[[ Input material open ]]
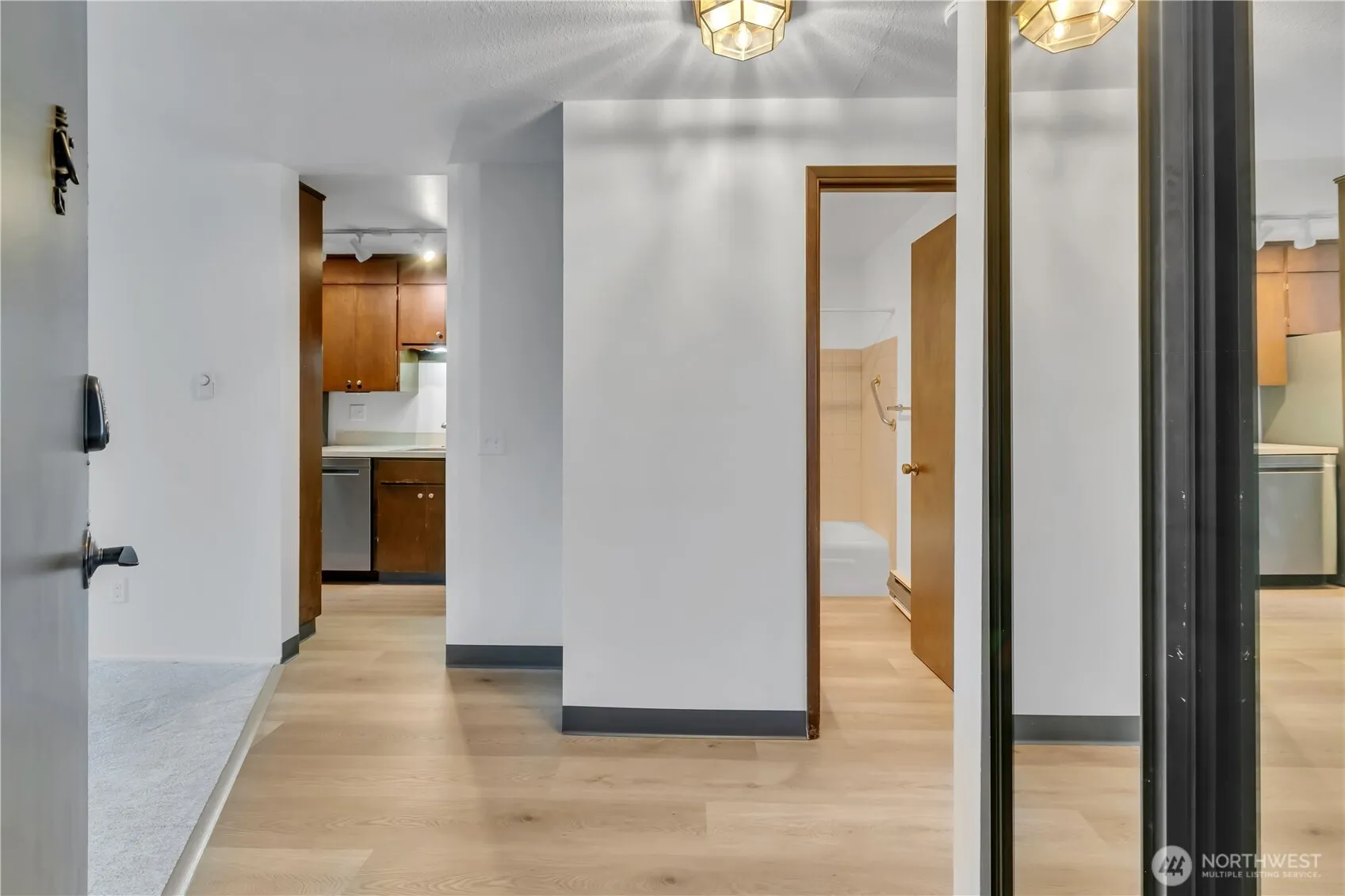 Well-priced Colony Square condo in a convenient Tukwila location! Situated in a gated community, this top-floor 1-bedroom, 1-bath, single-level unit offers a spacious living area with a cozy freestanding wood stove. Recently refreshed with brand new interior paint and updated flooring, including neutral carpet and stylish luxury vinyl plank, this home is truly move-in ready. The kitchen features ample cabinetry and brand new stainless steel appliances, providing both functionality and a modern touch.The generous bedroom includes a wall-to-wall closet and ceiling fan, while the top-floor setting allows for natural light and an open, airy feel throughout. Enjoy a private deck off the dining area with a convenient 4×4 storage closet. Assigned parking is located close to the stairs for easy access.The community offers on-site laundry and maintained common areas. With strong rental potential and possible DSCR financing, this is an excellent opportunity for both homeowners and investors.
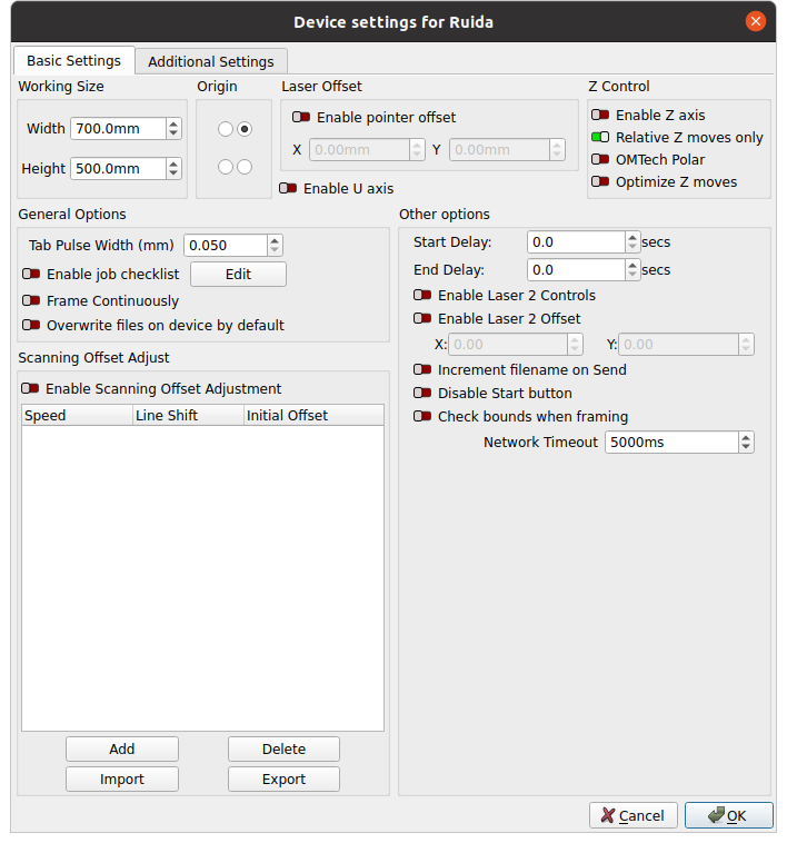 Apologies I’m not sure what I’m looking for here. In the device settings I see PWM rising edge valid=TRUE for the X-axis but FALSE for Y, Z, and U axes. I assume these are the Ruida settings; could you clarify where the stepper drive settings would be located?
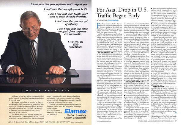 SAN FRANCISCO For Asian carriers, the 3-4-day suspension in flights that followed the terrorist attacks in New York and Washington is being measured against a general slowdown in passenger and cargo traffic that began early this year. Airline officials are uncertain how long the downdraft in their traffic will continue, but few express optimism, especially as they recall how the Persian Gulf war knocked 3.5% off worldwide airline growth a decade ago (AW&ST June 8, 1992, p. 34).
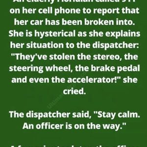 An elderly Floridian called 911 on her cell phone to report that her car has been broken into. She is hysterical as she explains her situation to…
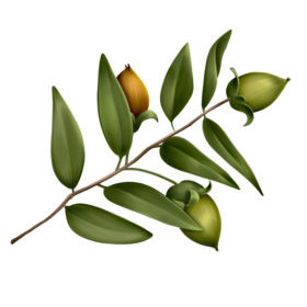 アルガンは、主にモロッコの砂漠地帯で自生してきた木です。その実に含まれるオイルは、リノール酸などの含有が高く、抗酸化作用に優れています。モロッコでは、化粧品だけでなく、食用オイルとしても使われており、特にローストしたアルガンオイルは香ばしくとてもおいしいです。化粧品では、お肌を柔軟に、滑らかに整えるエイジングケアオイルとして配合しています。
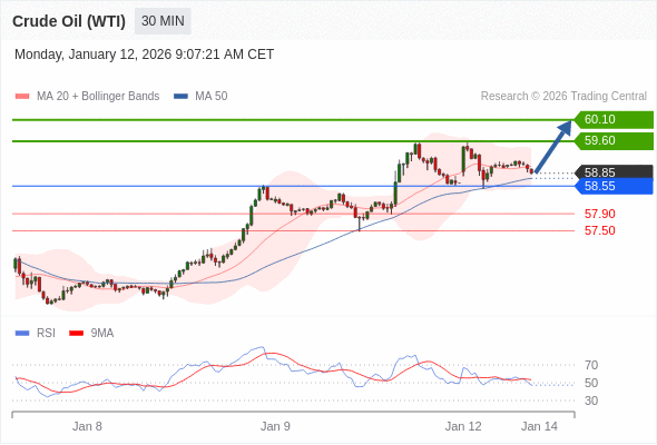 在 58.55 之上,看涨,目标价位为 59.60 ,然后为 60.10 。
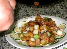 焦がさないように全体にタレをからめる |
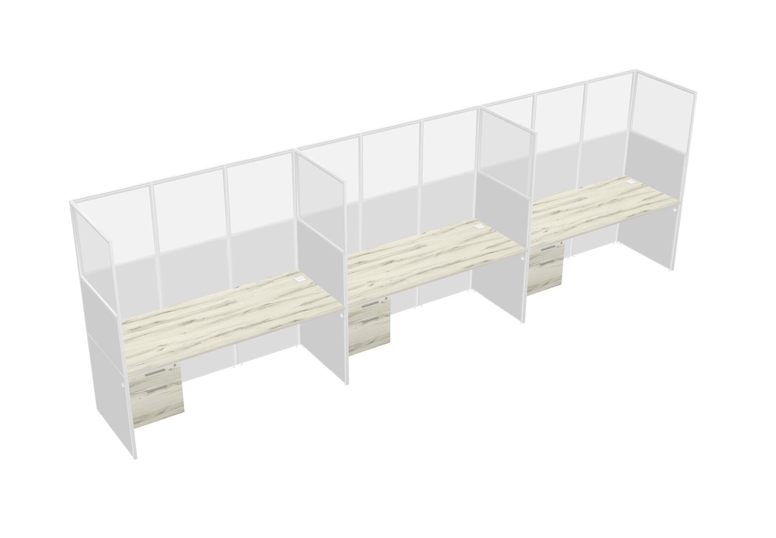 Heinne Holz Shared Rectangular Office Cubicle Panel System With Hanging Drawers For 3 Persons
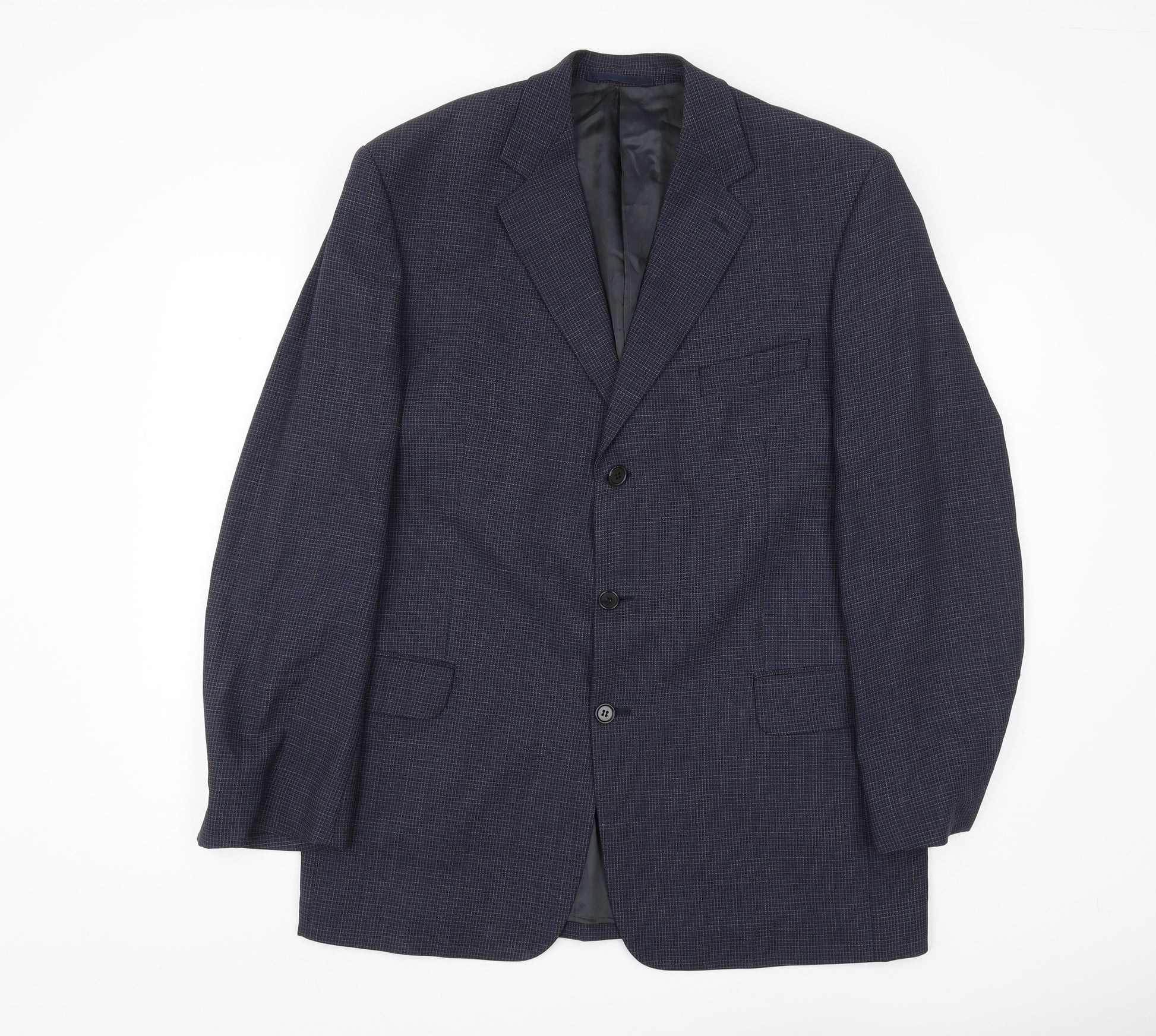 Elevate your wardrobe with this sophisticated Jaeger men's blazer, perfect for both business and formal occasions. The blazer showcases a timeless check pattern in a classic blue hue, adding a touch of elegance to any outfit. Crafted from 100% wool, this tweed blazer offers comfort and durability, ensuring it withstands the test of time. Featuring a single-breasted design with a three-button front and notch lapel, this blazer embodies classic style. Its long length and classic fit make it ideal for the autumn and winter seasons, providing warmth without compromising on style. The jacket is equipped with inner pockets, adding functionality to its sleek design. A single-vented back enhances mobility, while the three-button sleeve design refines the overall appearance. Lined with a viscose/rayon and acetate blend, this blazer promises a smooth feel against the skin. It commands presence in any professional setting, making it perfect for business meetings and formal gatherings. Maintain its pristine condition with dry cleaning, ensuring it remains a staple in your wardrobe for years to come. Embodying a blend of British tailoring tradition and modern practicality, this Jaeger blazer is a must-have addition for the discerning gentleman. Sophistication meets comfort in this essential piece.
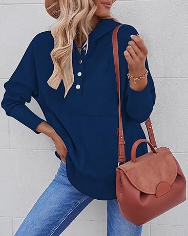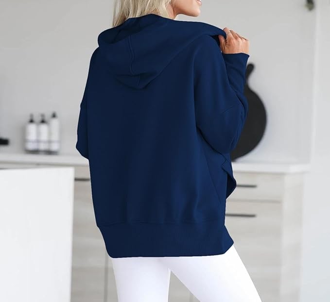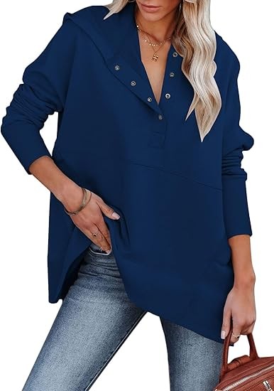 Material: 95% Polyester + 5% Elastane; This trendy cute hoodie top is made of soft and skin-friendly fabric, comfy and comfortable, providing you with a loose and cozy wearing experience. Features: This trendy hoodie sweatshirt for women features long sleeves, a button-down V-neck, a large kangaroo pocket, and an oversized design for a relaxed and baggy appearance. The cuffs, hem, and pocket edges are ribbed for ample elasticity, offering a superior wearing experience suitable for any body type. It's a great addition to your wardrobe. Match:Loose-fitting hoodie tops effortlessly complement various casual bottoms like leggings, pants, jeans, joggers, and shorts, when paired with sneakers or casual shoes, to achieve a stylish and chic appearance during the spring, fall, and winter seasons. Wearing it creates the most beautiful and stylish look. Occasion:This pullover sweatshirt is Perfect for daily, home, school, shopping, going out, club, night out, holiday, weekend, vacation, office, work, date, streetwear, etc.It's also a good gift to your friend or family in spring,fall and winter.
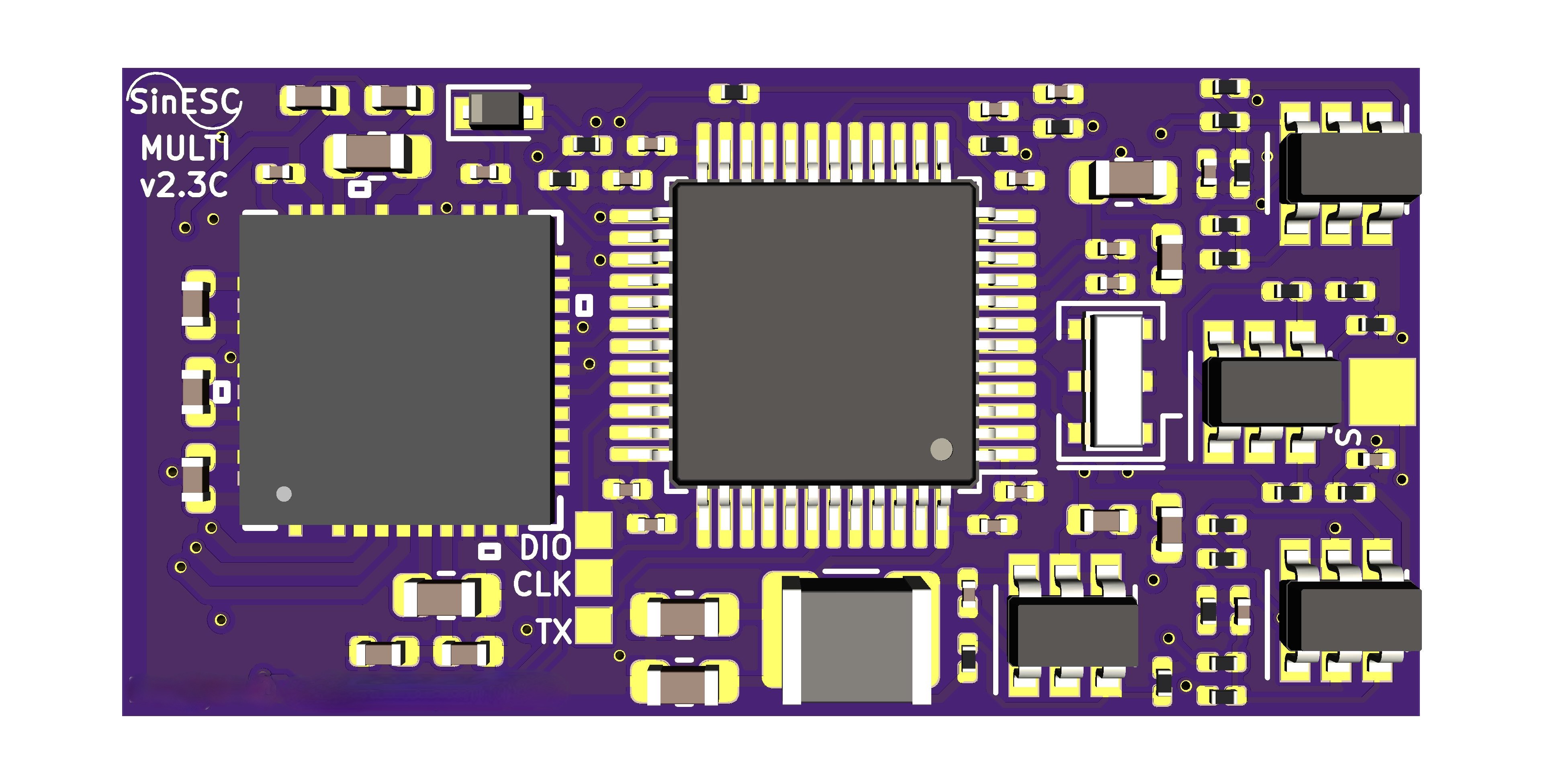 The 15x30mm SinESC Multi Edition PCB uses 0201-sized components when possible for reduced parasitic influences and reduced size. Maximum component density is approximately 50 components/cm². The microcontroller, gate driver, and current-sense amplifiers (all the control electronics) are implemented on the top layer, leaving the bottom layer for the power electronics. This provides room for wide traces. Multi Edition is designed in KiCAD and adheres to OSHPark design rules. All additional libraries are within the project files.
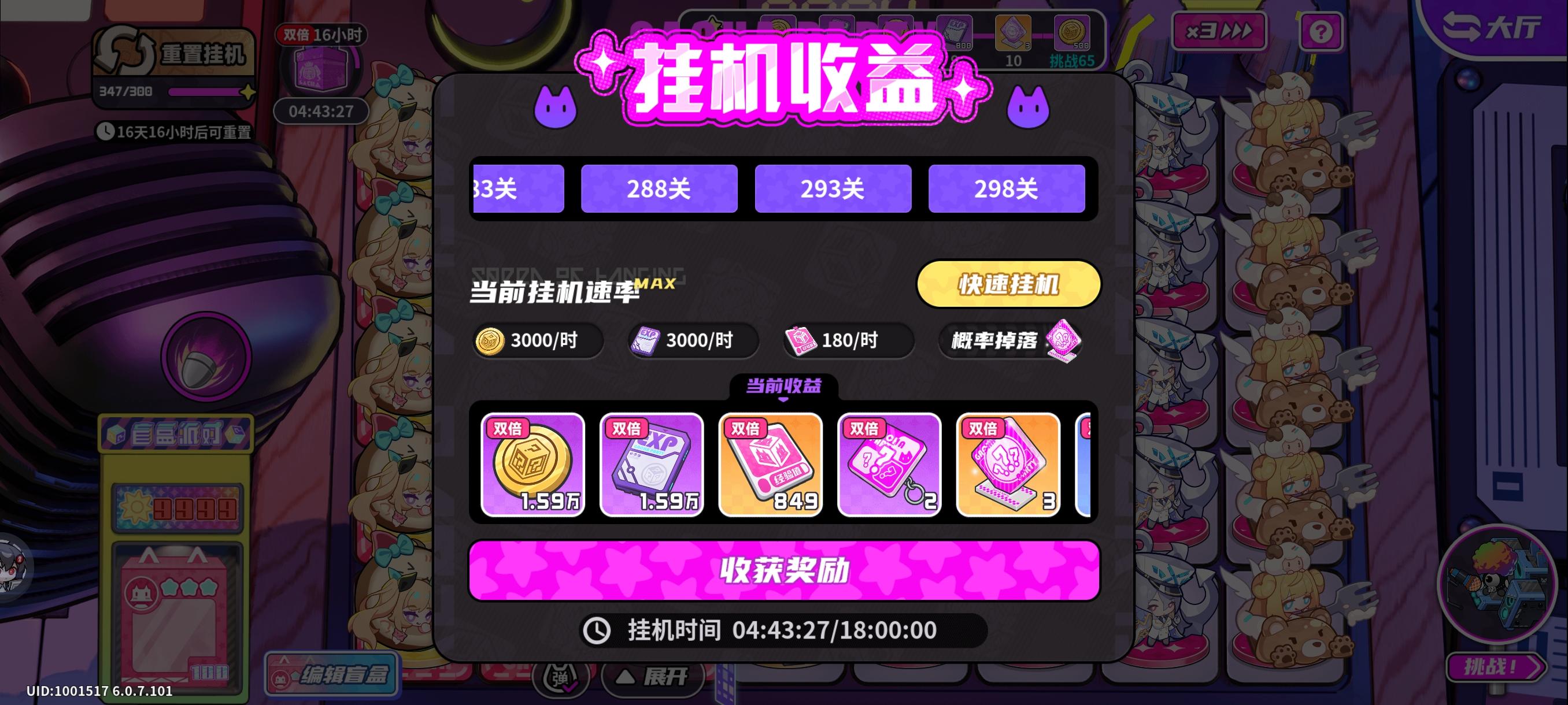 因为新加的派遣系统也会获得角色经验与盲盒币,所以挂机系统速率下调,理论总和对比原来还是不变的。但是玩家不是机器,肯定是有未及时上线领取的损失。不过经过计算,拉满的速率比原先多了2倍还多!完全不担心偶尔的失误,而且一天仅上线领取一次即可补齐当期要求!
[[ Input material closed ]]
Work instructions: Every entry above, pictures excluded, needs to be duplicated exactly.

Answer to this exercise:
 Well-priced Colony Square condo in a convenient Tukwila location! Situated in a gated community, this top-floor 1-bedroom, 1-bath, single-level unit offers a spacious living area with a cozy freestanding wood stove. Recently refreshed with brand new interior paint and updated flooring, including neutral carpet and stylish luxury vinyl plank, this home is truly move-in ready. The kitchen features ample cabinetry and brand new stainless steel appliances, providing both functionality and a modern touch.The generous bedroom includes a wall-to-wall closet and ceiling fan, while the top-floor setting allows for natural light and an open, airy feel throughout. Enjoy a private deck off the dining area with a convenient 4×4 storage closet. Assigned parking is located close to the stairs for easy access.The community offers on-site laundry and maintained common areas. With strong rental potential and possible DSCR financing, this is an excellent opportunity for both homeowners and investors.
 Apologies I’m not sure what I’m looking for here. In the device settings I see PWM rising edge valid=TRUE for the X-axis but FALSE for Y, Z, and U axes. I assume these are the Ruida settings; could you clarify where the stepper drive settings would be located?
 SAN FRANCISCO For Asian carriers, the 3-4-day suspension in flights that followed the terrorist attacks in New York and Washington is being measured against a general slowdown in passenger and cargo traffic that began early this year. Airline officials are uncertain how long the downdraft in their traffic will continue, but few express optimism, especially as they recall how the Persian Gulf war knocked 3.5% off worldwide airline growth a decade ago (AW&ST June 8, 1992, p. 34).
 An elderly Floridian called 911 on her cell phone to report that her car has been broken into. She is hysterical as she explains her situation to…
 アルガンは、主にモロッコの砂漠地帯で自生してきた木です。その実に含まれるオイルは、リノール酸などの含有が高く、抗酸化作用に優れています。モロッコでは、化粧品だけでなく、食用オイルとしても使われており、特にローストしたアルガンオイルは香ばしくとてもおいしいです。化粧品では、お肌を柔軟に、滑らかに整えるエイジングケアオイルとして配合しています。
 在 58.55 之上,看涨,目标价位为 59.60 ,然后为 60.10 。
 焦がさないように全体にタレをからめる |
 Heinne Holz Shared Rectangular Office Cubicle Panel System With Hanging Drawers For 3 Persons
 Elevate your wardrobe with this sophisticated Jaeger men's blazer, perfect for both business and formal occasions. The blazer showcases a timeless check pattern in a classic blue hue, adding a touch of elegance to any outfit. Crafted from 100% wool, this tweed blazer offers comfort and durability, ensuring it withstands the test of time. Featuring a single-breasted design with a three-button front and notch lapel, this blazer embodies classic style. Its long length and classic fit make it ideal for the autumn and winter seasons, providing warmth without compromising on style. The jacket is equipped with inner pockets, adding functionality to its sleek design. A single-vented back enhances mobility, while the three-button sleeve design refines the overall appearance. Lined with a viscose/rayon and acetate blend, this blazer promises a smooth feel against the skin. It commands presence in any professional setting, making it perfect for business meetings and formal gatherings. Maintain its pristine condition with dry cleaning, ensuring it remains a staple in your wardrobe for years to come. Embodying a blend of British tailoring tradition and modern practicality, this Jaeger blazer is a must-have addition for the discerning gentleman. Sophistication meets comfort in this essential piece.
 Material: 95% Polyester + 5% Elastane; This trendy cute hoodie top is made of soft and skin-friendly fabric, comfy and comfortable, providing you with a loose and cozy wearing experience. Features: This trendy hoodie sweatshirt for women features long sleeves, a button-down V-neck, a large kangaroo pocket, and an oversized design for a relaxed and baggy appearance. The cuffs, hem, and pocket edges are ribbed for ample elasticity, offering a superior wearing experience suitable for any body type. It's a great addition to your wardrobe. Match:Loose-fitting hoodie tops effortlessly complement various casual bottoms like leggings, pants, jeans, joggers, and shorts, when paired with sneakers or casual shoes, to achieve a stylish and chic appearance during the spring, fall, and winter seasons. Wearing it creates the most beautiful and stylish look. Occasion:This pullover sweatshirt is Perfect for daily, home, school, shopping, going out, club, night out, holiday, weekend, vacation, office, work, date, streetwear, etc.It's also a good gift to your friend or family in spring,fall and winter.
 The 15x30mm SinESC Multi Edition PCB uses 0201-sized components when possible for reduced parasitic influences and reduced size. Maximum component density is approximately 50 components/cm². The microcontroller, gate driver, and current-sense amplifiers (all the control electronics) are implemented on the top layer, leaving the bottom layer for the power electronics. This provides room for wide traces. Multi Edition is designed in KiCAD and adheres to OSHPark design rules. All additional libraries are within the project files.
 因为新加的派遣系统也会获得角色经验与盲盒币,所以挂机系统速率下调,理论总和对比原来还是不变的。但是玩家不是机器,肯定是有未及时上线领取的损失。不过经过计算,拉满的速率比原先多了2倍还多!完全不担心偶尔的失误,而且一天仅上线领取一次即可补齐当期要求!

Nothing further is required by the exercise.